04 Aralık 2014 - 19:57
Ferruh ÇETİN'den anılar...
HİTİT'LERİN KUTSAL ŞEHRİ "NERİK" GERÇEKTEN VEZİRKÖPRÜ'DE Mİ?
Son 20 yıldan bu yana Samsun ve yöresinde tarihi kazılara önem verildi.
Özellikle yabancı bilim adamlarının bulgularından sonra başlatılan bu tip kazıların ilk ve en önemli olanı Bafra'daki İkiztepe kazılarıdır.
Buna ilaveten Vezirköprü ilçesinin Oymaağaç köyünde de 2005 yılında bir kazı başlatıldı.
Yazıtlarda adı sıkça geçen, Hititlerin kutsal olarak kabul ettiği tarihsel yerleşme Nerik olduğu sanılan alanda 2005 yılından bu yana sürdürülen kazılarda birçok bulguya rastlandığı açıklanıyor. Vezirköprü'deki kazılar Uşak Üniversitesi Fen Edebiyat Fakültesi Arkeoloji Bölümü Başkanı Prof. Dr. Rainer Maria Czichon'un başkanlığında 9 yıldır sürdürülüyor.
EFSANELER NE DİYOR?
Uzmanlara göre, eski Hitit Döneminde yazılan Hitit kanunlarına göre sadece dört şehrin; yani Hattuşa, Nerik, Arinna ve Ziplanda’nın vergi ödemesi gerekmiyormuş. Böyle bir imtiyaz Nerik’in önemini öne çıkarmaya yetiyormuş. Hem İlluyanka efsanesi hem de Purulliyaş şenliği, Hititlerin en önemli şenliklerindenmiş ve Nerik’te yapılırmış.
MÖ 15. / 14. yüzyıllarda Kaşkaların Hititlere ait olan kuzey bölgeleri almalarına rağmen, Hititler, kendi inanışlarına devam etmişlerdir.
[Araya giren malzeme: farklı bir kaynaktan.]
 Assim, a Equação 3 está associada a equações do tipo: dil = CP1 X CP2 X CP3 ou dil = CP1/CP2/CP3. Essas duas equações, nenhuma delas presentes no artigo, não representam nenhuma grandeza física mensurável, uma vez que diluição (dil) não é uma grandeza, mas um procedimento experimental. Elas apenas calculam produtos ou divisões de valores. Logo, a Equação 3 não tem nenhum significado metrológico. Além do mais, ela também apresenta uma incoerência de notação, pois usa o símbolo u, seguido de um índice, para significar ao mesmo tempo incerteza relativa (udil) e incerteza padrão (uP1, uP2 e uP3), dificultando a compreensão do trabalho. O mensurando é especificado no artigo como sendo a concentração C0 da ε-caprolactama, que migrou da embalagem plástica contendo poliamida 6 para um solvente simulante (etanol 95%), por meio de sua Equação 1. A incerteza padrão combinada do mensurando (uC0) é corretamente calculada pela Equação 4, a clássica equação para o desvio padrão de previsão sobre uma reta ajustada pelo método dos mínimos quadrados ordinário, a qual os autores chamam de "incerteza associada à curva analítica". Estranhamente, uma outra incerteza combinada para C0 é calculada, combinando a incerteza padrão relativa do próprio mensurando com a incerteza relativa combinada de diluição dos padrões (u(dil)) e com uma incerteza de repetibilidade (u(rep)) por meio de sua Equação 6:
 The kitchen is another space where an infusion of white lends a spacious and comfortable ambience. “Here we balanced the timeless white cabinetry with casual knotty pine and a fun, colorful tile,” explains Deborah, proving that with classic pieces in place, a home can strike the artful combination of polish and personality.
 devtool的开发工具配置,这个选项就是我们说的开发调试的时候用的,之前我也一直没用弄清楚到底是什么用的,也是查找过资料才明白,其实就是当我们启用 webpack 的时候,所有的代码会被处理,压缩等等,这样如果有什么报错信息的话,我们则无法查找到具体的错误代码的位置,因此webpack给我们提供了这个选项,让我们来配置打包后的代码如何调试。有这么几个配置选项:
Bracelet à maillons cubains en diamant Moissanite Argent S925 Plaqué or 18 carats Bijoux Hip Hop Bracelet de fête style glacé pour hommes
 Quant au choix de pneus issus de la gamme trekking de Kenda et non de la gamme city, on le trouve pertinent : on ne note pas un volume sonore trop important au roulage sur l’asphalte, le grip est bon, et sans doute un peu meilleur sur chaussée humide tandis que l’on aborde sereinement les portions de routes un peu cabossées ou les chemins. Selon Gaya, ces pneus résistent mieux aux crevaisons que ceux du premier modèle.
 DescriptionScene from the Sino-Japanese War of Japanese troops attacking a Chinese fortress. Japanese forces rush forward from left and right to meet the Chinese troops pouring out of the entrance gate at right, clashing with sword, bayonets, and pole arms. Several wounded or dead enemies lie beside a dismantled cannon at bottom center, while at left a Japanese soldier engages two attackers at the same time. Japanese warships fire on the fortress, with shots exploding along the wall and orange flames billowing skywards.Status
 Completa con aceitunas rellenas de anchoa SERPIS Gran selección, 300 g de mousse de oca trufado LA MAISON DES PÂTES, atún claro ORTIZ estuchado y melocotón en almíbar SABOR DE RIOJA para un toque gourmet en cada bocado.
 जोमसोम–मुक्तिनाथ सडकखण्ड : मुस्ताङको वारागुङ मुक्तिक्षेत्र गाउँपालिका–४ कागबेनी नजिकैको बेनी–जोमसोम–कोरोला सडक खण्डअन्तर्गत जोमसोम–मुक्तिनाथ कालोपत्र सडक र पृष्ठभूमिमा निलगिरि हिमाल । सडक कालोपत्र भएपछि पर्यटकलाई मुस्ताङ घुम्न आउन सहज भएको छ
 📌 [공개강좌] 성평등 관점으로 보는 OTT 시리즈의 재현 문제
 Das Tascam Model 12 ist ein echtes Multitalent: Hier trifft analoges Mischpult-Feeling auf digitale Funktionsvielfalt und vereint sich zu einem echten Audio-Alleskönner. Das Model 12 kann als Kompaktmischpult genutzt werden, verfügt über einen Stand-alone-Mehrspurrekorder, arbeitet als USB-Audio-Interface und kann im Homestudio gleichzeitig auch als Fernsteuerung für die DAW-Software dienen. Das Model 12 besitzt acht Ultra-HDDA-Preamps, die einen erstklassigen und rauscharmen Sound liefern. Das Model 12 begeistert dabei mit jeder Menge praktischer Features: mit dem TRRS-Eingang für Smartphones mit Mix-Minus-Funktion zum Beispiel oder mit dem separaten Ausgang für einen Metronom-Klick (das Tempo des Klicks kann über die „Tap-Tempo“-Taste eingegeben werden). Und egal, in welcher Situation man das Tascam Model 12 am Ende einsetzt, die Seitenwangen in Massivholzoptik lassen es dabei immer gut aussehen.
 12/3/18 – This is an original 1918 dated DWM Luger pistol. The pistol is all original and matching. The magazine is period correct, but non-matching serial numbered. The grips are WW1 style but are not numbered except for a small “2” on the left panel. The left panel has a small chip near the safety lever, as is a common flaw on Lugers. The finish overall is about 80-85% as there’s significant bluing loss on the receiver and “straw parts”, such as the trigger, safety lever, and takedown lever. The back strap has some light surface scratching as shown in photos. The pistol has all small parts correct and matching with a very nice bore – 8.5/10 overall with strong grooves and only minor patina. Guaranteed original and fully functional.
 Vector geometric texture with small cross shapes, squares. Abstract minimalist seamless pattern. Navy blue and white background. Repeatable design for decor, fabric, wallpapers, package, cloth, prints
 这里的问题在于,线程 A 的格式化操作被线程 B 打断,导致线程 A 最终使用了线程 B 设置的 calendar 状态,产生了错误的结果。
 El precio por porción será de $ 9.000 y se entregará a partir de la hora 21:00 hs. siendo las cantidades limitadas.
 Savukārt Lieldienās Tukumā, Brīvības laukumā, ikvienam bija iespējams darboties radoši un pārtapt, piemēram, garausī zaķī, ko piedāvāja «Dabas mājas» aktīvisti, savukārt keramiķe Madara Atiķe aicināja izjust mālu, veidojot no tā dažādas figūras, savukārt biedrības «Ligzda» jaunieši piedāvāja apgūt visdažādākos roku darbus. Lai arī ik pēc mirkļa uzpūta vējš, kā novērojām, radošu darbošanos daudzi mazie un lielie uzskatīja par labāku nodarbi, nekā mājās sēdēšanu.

Kaşkaların kim olduğu ve nerede yaşadığı hala bilinmemekle birlikte, yerleşme bölgelerinin Ordu, Amasya, Merzifon, Sinop arasında olduğu düşünülmektedir.
MÖ 13. yüzyılda Hattuşili III, bütün Kuzey Anadolu’yu Kaşkalardan tamamen geri almış ve bu bölge Hitit tarihi bitene kadar Hitit İmparatorluğunun önemli bir kısmı olarak kalmıştır. Şehirlerin tapınakları, özellikle hava tanrısının tapmağı restore edilmiş ve Nerik, tekrar büyük Nuntarrijahşaş kutsal seyahat festivaline katılmıştır.
KIZILIRMAK'IN YAKININDA
30 yıl önce, Nerik şehrinin Durağan, Kargı, Osmancık ve Gümüşhacıköy’ün çevresinde olduğu düşünülmüştür, ama bugün Hititologların çoğu Nerik’in Vezirköprü ve Havzanın kuzey tarafında yer aldığını düşünür. Böyle bir lokalizasyon için Hitit metinlerinden yola çıkılmaktadır: “Maraşşantija Nehrinin yatağı eskiden başka bir yöndeydi. Ama Nerik’in hava tanrısı bu yatağı değiştirdi ve Nerik’e yalan bir yere götürdü”.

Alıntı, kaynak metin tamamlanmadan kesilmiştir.